History, holiday mix at open house
More than 200 residents braved slick streets and freezing temperatures Friday evening and ventured out to the Leavenworth County Courthouse to take part in the county's second-annual Christmas open house.
Guests exchanged holiday greetings, enjoyed old-fashioned sarsaparilla and cookies and sauntered through all three floors of the courthouse, listening to talks from William "Buffalo Bill" Cody, Reuben Basehor and other notable figures from Leavenworth's past.
The 16 historical narratives were given by residents who volunteered to offer their acting services for Friday's event.
They had been working with the county open house committee and professional instructors from Ride Into History, a historical performance touring troupe, since October.
County Planning and Zoning employee Judith Day, who posed as the fictional Amanda Knight from 1859, told of a bustling young town called Leavenworth, where she saw Abraham Lincoln deliver speeches at Stockton Hall and from the steps of Leavenworth's famous Planter's Hotel.
Bob Spear, who played "Buffalo Bill" Cody at Friday's event, talked about moving from Weston, Mo., to free soil in Leavenworth as an 11-year-old boy. Spear painted a picture of a 'Bloody Kansas' before the American Civil War, sharing the story of how Cody's father was killed at the hands of a Missouri slaveholder.
Guests also heard Carolyn Burton tell of the struggles of Cathay Williams, the only documented female Buffalo Soldier in the Civil War, as she made the tough decision about whether to go to the Army infirmary to treat an injury and risk exposing her true gender to Army officials or suffer in secret.

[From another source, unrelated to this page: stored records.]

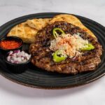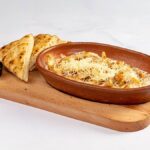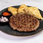 JuneΔe meso zaΔinjeno crnim i belim lukom 250g, krem sos sa kajmakom, rendani kaΔkavalj, tucana paprika, somun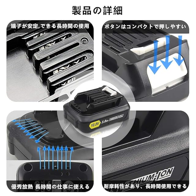 ★強制冷却:自己放電が少ないため、長期保存しても満充電 に近い作業が可能です制御基板には充電を制御する保護回路を搭載!安定性に定評のあるセル搭載、高品質モデル 10.8v バッテリーです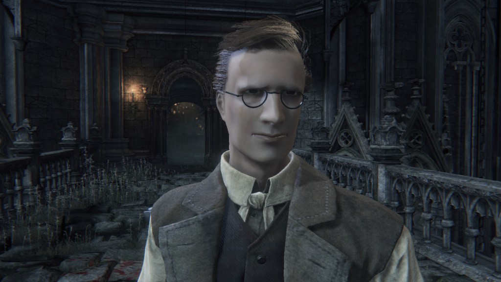 As the Choir’s research progressed, so too did their cold war with the School of Mensis. Edgar is a spy for the Choir, armed with the same Ludwig’s Holy Sword and Rosmarinus setup as Gremia but wearing the Mensis uniform to blend in as a member of the rival faction; like his other named cohorts, he even utilizes Augur of Ebrietas. His true loyalties established, the spook presumably followed Micolash and his ilk inside the then newly-created Nightmare of Mensis where we now cross paths. If the man had infiltrated the group at their home base in Yahar’gul before the red moon ritual, then it is only natural for him to take part in the ritual and continue monitoring Mensis from within the Nightmare. However, it appears that neither Edgar nor the Choir expected this development.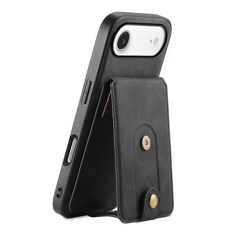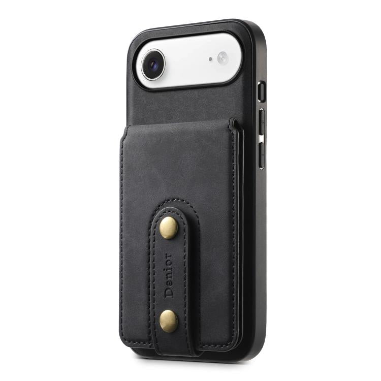 Funda de cuero con tarjetero magnético MagSafe para iPhone Air Denior D14 NK con diseño retro (negro)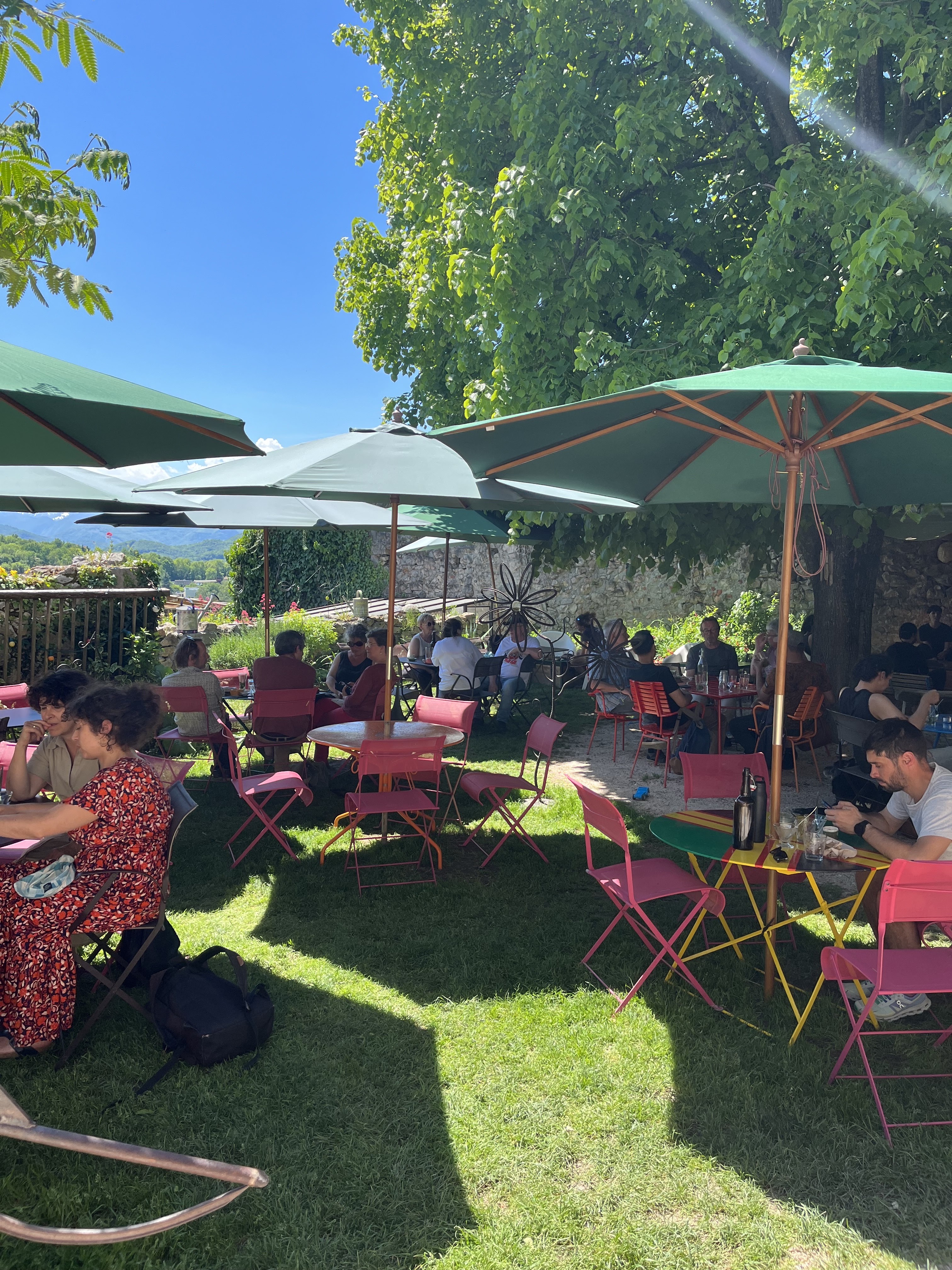 Beaucoup de guêpes mais le service est très agréable les boissons ne sont pas excellentes mais restent correcte Cependant le client est plonge dans un univers écologique entouré par un potager exceptionnel et une très belle vue sur la vallée.

Other performances on Friday included: Lillian Akins as the wife of an Army officer circa 1830; Diane Collins as Tillie Abeles; Ellen Ferguson as Lizzie Allen; Sally Hatcher as Rosa Anthony; Keyta Kelly as Hilda Clark; Carol McCullough as Harriet Cushing; Vivian Ross as an Army laundress during the Mexican-American War; Mike Stephenson as Judge H. Miles Moore; Daniel Stueckemann as Reuben Basehor; and Aileen Seeman, Anna Mary Landauer, Rachel Kelly and Laura Elkins as the Smith Ladies Aid quilting circle.

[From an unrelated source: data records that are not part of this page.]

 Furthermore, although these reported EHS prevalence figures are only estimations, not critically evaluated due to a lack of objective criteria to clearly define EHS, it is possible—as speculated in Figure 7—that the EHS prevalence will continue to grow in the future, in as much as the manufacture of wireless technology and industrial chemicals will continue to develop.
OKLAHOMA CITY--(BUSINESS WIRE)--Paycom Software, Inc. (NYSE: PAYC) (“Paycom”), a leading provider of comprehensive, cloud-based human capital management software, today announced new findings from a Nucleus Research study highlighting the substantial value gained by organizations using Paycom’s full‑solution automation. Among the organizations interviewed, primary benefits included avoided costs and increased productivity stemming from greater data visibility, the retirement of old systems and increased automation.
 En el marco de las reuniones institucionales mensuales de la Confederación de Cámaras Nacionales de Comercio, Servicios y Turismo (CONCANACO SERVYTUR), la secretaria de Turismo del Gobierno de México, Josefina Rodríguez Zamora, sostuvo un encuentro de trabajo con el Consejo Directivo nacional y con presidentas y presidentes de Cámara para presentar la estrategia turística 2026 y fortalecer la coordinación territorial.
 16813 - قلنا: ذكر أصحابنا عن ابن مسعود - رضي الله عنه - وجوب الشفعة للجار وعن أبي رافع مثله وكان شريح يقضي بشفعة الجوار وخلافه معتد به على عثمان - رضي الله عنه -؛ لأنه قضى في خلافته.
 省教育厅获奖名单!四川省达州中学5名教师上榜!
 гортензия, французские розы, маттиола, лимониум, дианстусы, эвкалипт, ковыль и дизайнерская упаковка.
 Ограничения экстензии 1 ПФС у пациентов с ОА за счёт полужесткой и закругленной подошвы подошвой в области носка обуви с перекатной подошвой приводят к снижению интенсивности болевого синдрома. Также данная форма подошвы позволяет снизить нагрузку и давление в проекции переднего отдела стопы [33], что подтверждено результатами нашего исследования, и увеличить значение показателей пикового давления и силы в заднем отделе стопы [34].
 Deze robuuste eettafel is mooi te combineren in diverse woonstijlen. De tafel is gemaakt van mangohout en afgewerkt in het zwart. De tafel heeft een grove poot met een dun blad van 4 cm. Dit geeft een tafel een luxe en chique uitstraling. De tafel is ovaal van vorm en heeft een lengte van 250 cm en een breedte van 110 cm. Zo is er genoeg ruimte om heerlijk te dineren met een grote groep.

Also as part of Friday's event, Laura Phillippi of the Lansing Historical Museum awarded winners of the Leavenworth County History Hunt.

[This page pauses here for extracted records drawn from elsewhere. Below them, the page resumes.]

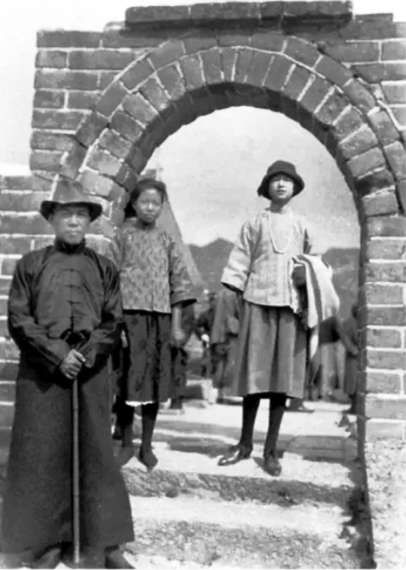 1924年梁?jiǎn)⒊c次女梁思莊和林徽音(其時(shí)尚未改名徽因)一起在北京游長(zhǎng)城。作為建筑學(xué)家,林徽因?qū)Ρ本┕沤ㄖ橛兴姡鵀槠鋵?xiě)下一系列專業(yè)性與文采兼美的文章,在《平郊建筑雜錄》中還提出了“建筑意”的概念。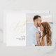 Cette carte moderne de save the date présente un script de calligraphie moderne en feuille d'or avec un support rayé. Téléchargez votre propre photo et personnalisez les informations pour inclure les détails de votre mariage.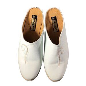 Roobin Leather Shoes 42 Round Toe Mint Green Embroidery Moroccan Slippers Loafer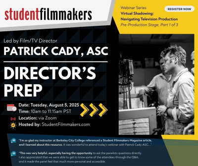 “I’m so glad my instructor at Berkeley City College referenced a Student Filmmakers Magazine article, and I learned about this resource. It was wonderful to attend today’s webinar with Patrick Cady ASC and Tom Bernardo. I look forward to attending more webinars. Thank you!”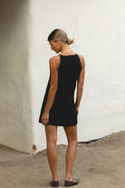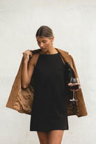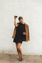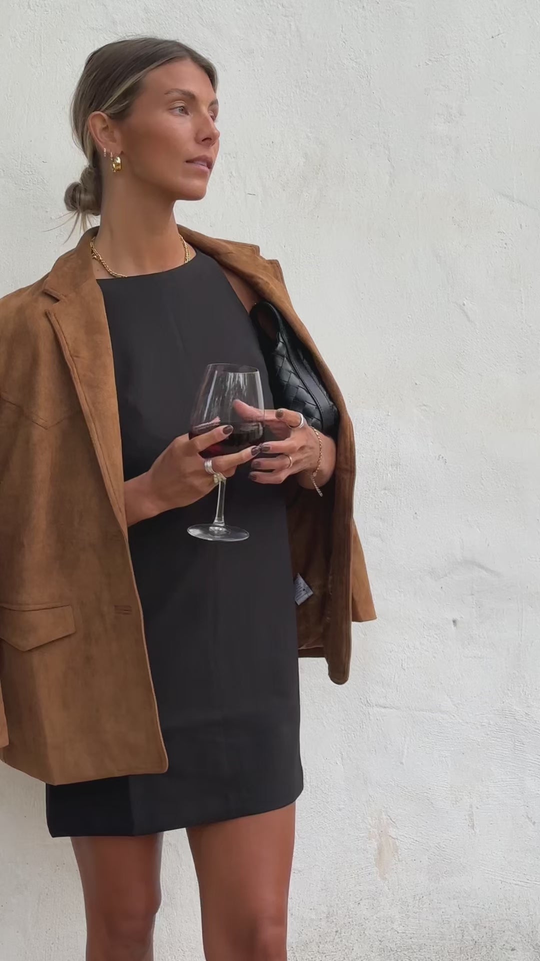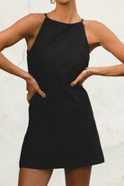 A timeless black mini made for fall occasions. Featuring a sleek halter neckline and flattering fit, it’s your go-to for dinner parties, holiday gatherings, and nights out. Effortless, elevated, and ready for the season.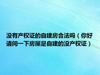 导读 目前大家应该是对你好!请问一下房屋是自建的没产权证比较感兴趣的,所以今天好房网小编CC就来为大家整理了一些关于你好!请问一下房屋是自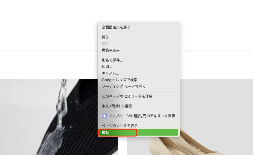 タグを設置したページにアクセスし、サイト上で右クリックして [検証] を選択し、ディベロッパーツールを起動します。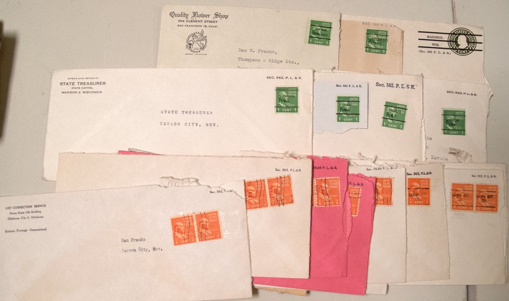 Carson City, Madison, Redwood, City, San Francisco, Stockton, Brooklyn, Detroit, Elko, Winnipeg, Shrub Oak in New York. 1940's.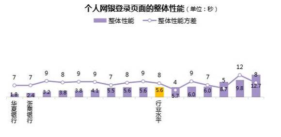 总体上,个人网银登录页面整体性能行业水平为5.6秒,各行中,最短为1.8秒,最长为12.7秒,有9家银行的个人网银登录页面整体性能好于行业水平。(图中折线为各行网银登录页面整体性能方差,方差越小,说明整体性能水平越稳定,反之则说明网银登录页面整体性能波动较大。)

Participants in the historical scavenger hunt were asked to answer various questions about Leavenworth's past using clues that could be found at the county's different historical museums.
The contest's first place winner was Vivian Ross of Leavenworth. Second place went to Jessica Bullock, Leavenworth, and the third place winner was Shari Thompson, Leavenworth.
Winners received gift packages from area historical museums.
Keyta Kelly, who chaired the open house committee said of Friday's event, "I was really pleased with this year's turnout. We may continue this year's theme next year with different characters."
Kelly said for next year's event, which is already scheduled for Dec. 12, 2008, the open house committee might consider having just one stage instead of three, giving guests a larger area to socialize, or adding live music.
A slew of Leavenworth businesses and individuals sponsored Friday's event, which was also funded in part, through a grant from the Kansas Humanities Council.